IBM shows 10x GPU machine learning, processing 30GB training data in just 1 minute@goodchinabrand.com

The research team marked the importance of training data sets, training only important data, and most of the unnecessary data was no longer required to be fed into the GPU, saving much time in data transfer.

IBM Research and EPFL Launches Big Data Machine Learning Solution at 2017 NIPS Conference, a method that takes advantage of a GPU to process 30GB of training data in less than 10 minutes, up to 10 times the amount of existing limited-memory training.

The team said that the challenge machine training encounters in big data age is that it is a common but tricky problem to jump-start training at any TB level. Perhaps a server with enough memory capacity can load all training data Memory, but it can take hours or even weeks.

They believe that the current special computing hardware, such as GPUs, can really speed up computing, but it is limited to computationally intensive tasks rather than data intensive tasks, and if you want to capitalize on the benefits of GPU intensive computing, you need to preload data To GPU memory, and the current maximum capacity of GPU memory is only 16GB, which is not ample for machine learning.

Batch operation seems to be a feasible method, the training data is divided into pieces, and in accordance with the order to load the GPU to do the model training, but the experiment found that the data transfer from the CPU into the GPU transmission costs completely covered The benefits of putting data into high-speed GPU computing, IBM researcher Celestine Dünner said the biggest challenge with machine learning on the GPU is the inability to throw all the data into memory.

To solve this problem, the research team developed techniques to mark the importance of training data sets, so training uses only the most important data, so most of the unnecessary data does not need to be sent to the GPU, saving a lot of training time. To train a model to distinguish between pictures of dogs and cats, once the model finds that one of the differences between a cat and a dog is that the cat's ear must be smaller than the dog, the system will retain this feature and will not repeat this feature in future training models, As a result, models are being trained faster and faster, according to IBM researcher Thomas Parnell, a feature that facilitates more frequent training of models and more timely tuning of models.

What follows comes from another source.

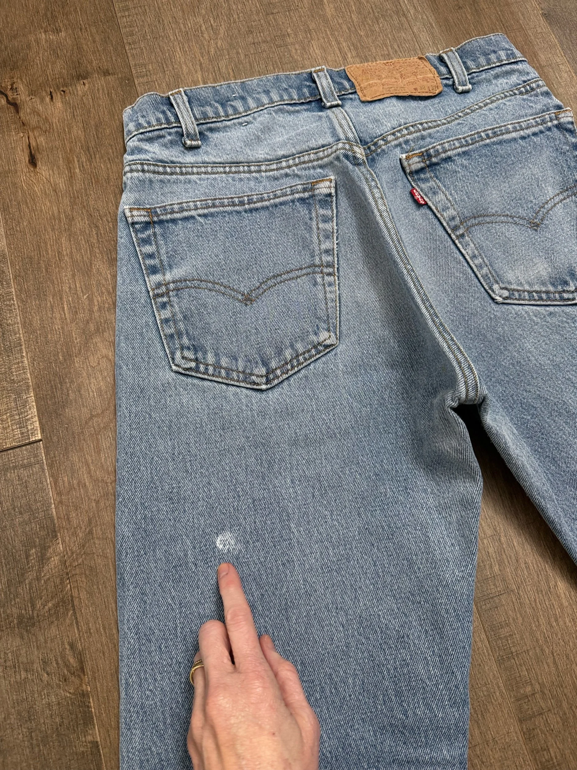 Keep in mind, vintage jeans are not new jeans. Every pair is at least 20 years old, most are older. This means they’ve been worn and likely have signs of wear - i.e. thinning areas, loose threads, signs of previous repair work, discolorations, faint (or not so faint stains), organic distressing, wear at the rivets, wear at the button holes. I do my best to describe these areas/signs of wear&tear, so please - before you buy - understand that you may receive your jeans and there will be signs of aging. Most buy vintage jeans wanting this, but if you want pristine new looking jeans, vintage likely isn’t for you. And that’s A-OK! Also note, the word “vintage” is not synonymous with super worn & faded. Vintage means over 20 years old. An item can be both vintage and still be new or like new condition.

This technique is used to measure how much each data point contributes to the learning algorithm, mainly using the concept of binary disparity and adjusting the training algorithm in time.With the practical application of this method, the research team is working on Heterogeneous compute platforms , Developed a new, reusable component, DuHL, for a machine learning training model designed for heterogeneous learning of binary disparity.

IBM said their next goal is to provide DuHL in the cloud as the current unit of cloud GPU service is based on hours, and the cost savings will be staggering if the model training time is reduced from ten hours to one hour.

(Top) The graph shows the time required for the three algorithms, including DuHL's performance on a massive SVM, using a 30GB ImageNet database with hardware as an 8GB NVIDIA Quadro M4000 GPU, The figure shows the efficiency of batches of GPU sequences even worse than CPU-only methods, while DuHL is more than 10 times faster than the other two methods.